It is weird how people react when you say you don't drink - it makes them oddly uncomfortable.
I rarely drink, and only once or twice would I say I got close to drunk but I promptly fell asleep anyway.
I doubt I'll ever do psychedelics, but I guess I wonder what exactly makes one a professional philosopher of mind, assumed to have a certain expertise, if not collecting an array of varied states of consciousness? (This doesn't have to involve drugs of course, given there's currently no safe legal way to do psychedelics outside of limited studies.)
It seems to me, perhaps unfairly given Western philosophy seems to defer to Science, that anyone can philosophize on consciousness if reading some stuff is all it takes.
I know that feeling as well, I pretty much never drink and only a handful of times did until I was actually drunk.
I think where the article sort of runs away from me is where it sort of goes to "prove" panpsychism through experience.
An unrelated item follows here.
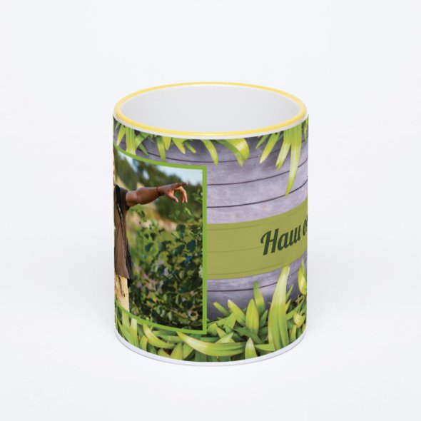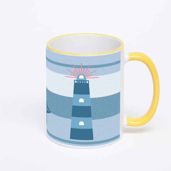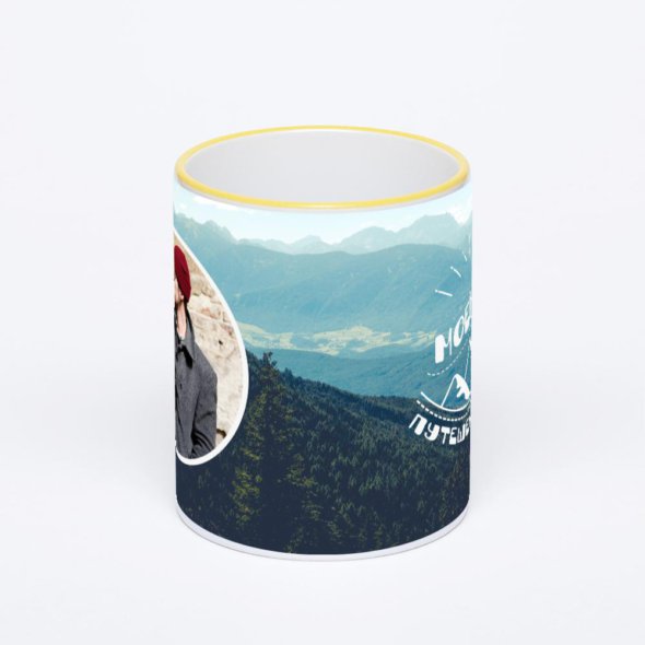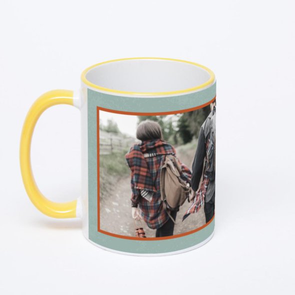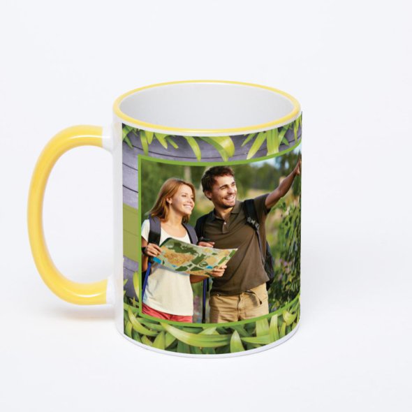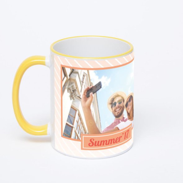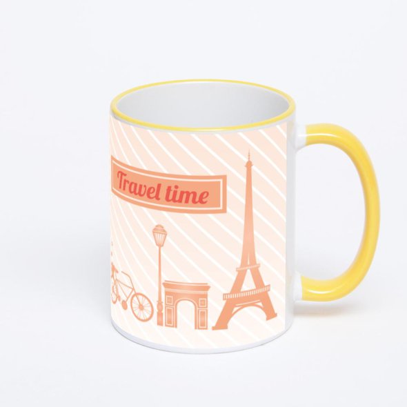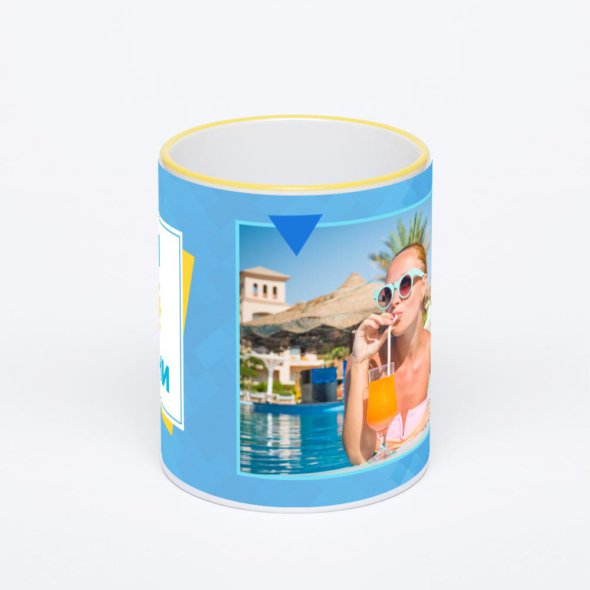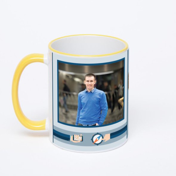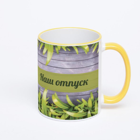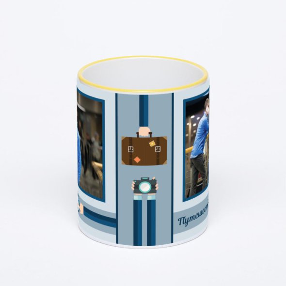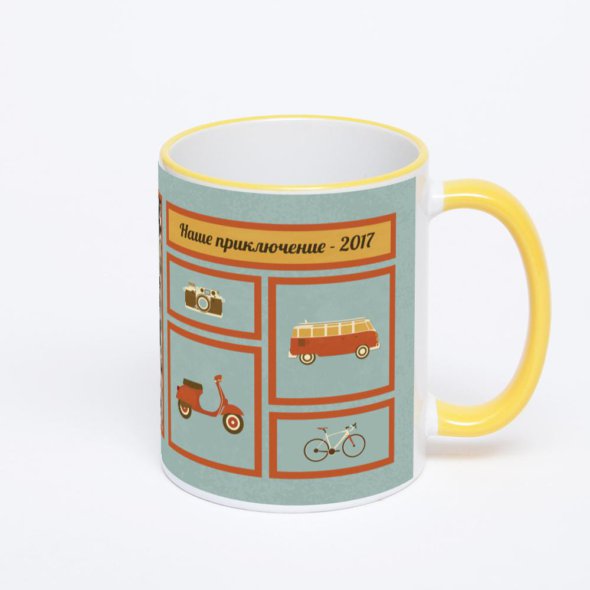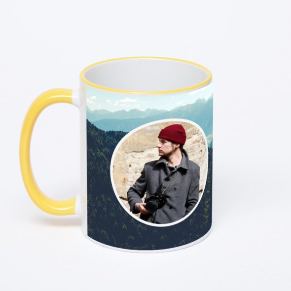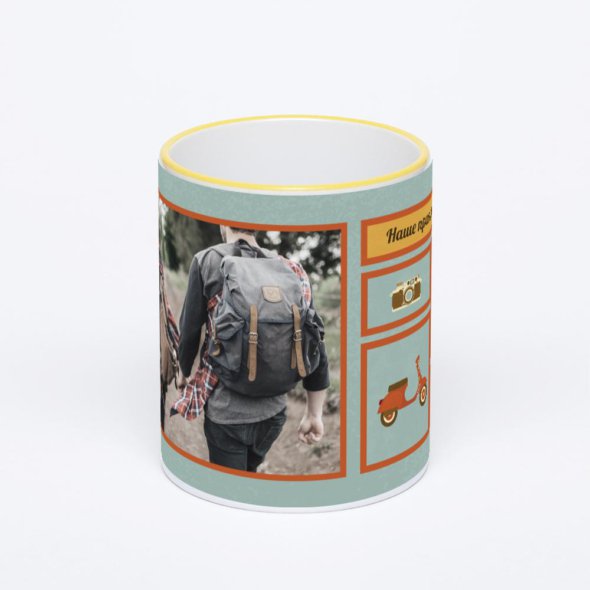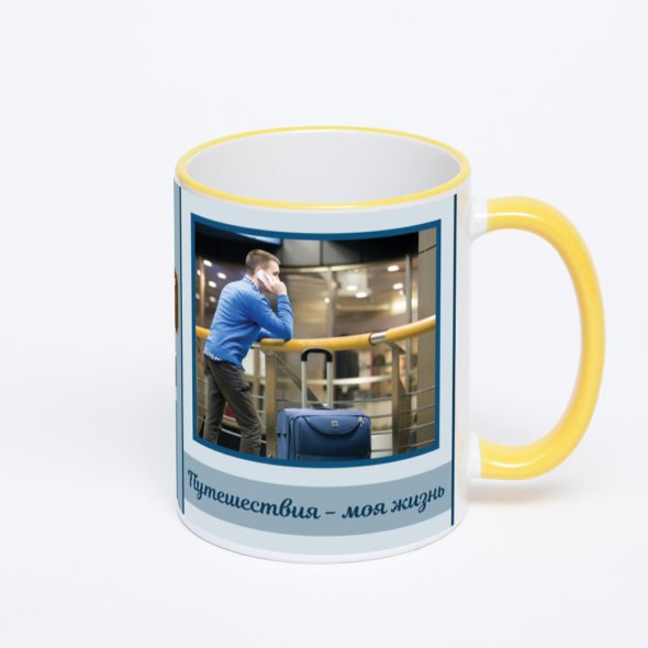 Керамическая кружка с желтой ручкой и ободком с нанесением изображения. Кружка с вашим изображением – это уникальный и качественный подарок. Создать её вы можете прямо сейчас в редакторе, добавляя фотографии, стикеры и надписи.

The issue here, I guess, for me, is something like: "normative" experience doesn't include a panpsychic component and psychedelic experience seems to. Under what auspices are we to discount one for the other. In other words, how are we to be sure that psychedelic experience isn't just a hallucination?
I'm not apt to discount psychedelic experience, of course, because as something of a phenomenologist, it's plain to see that it is
something. Although that leaves the question of "what is it?" wide open, still.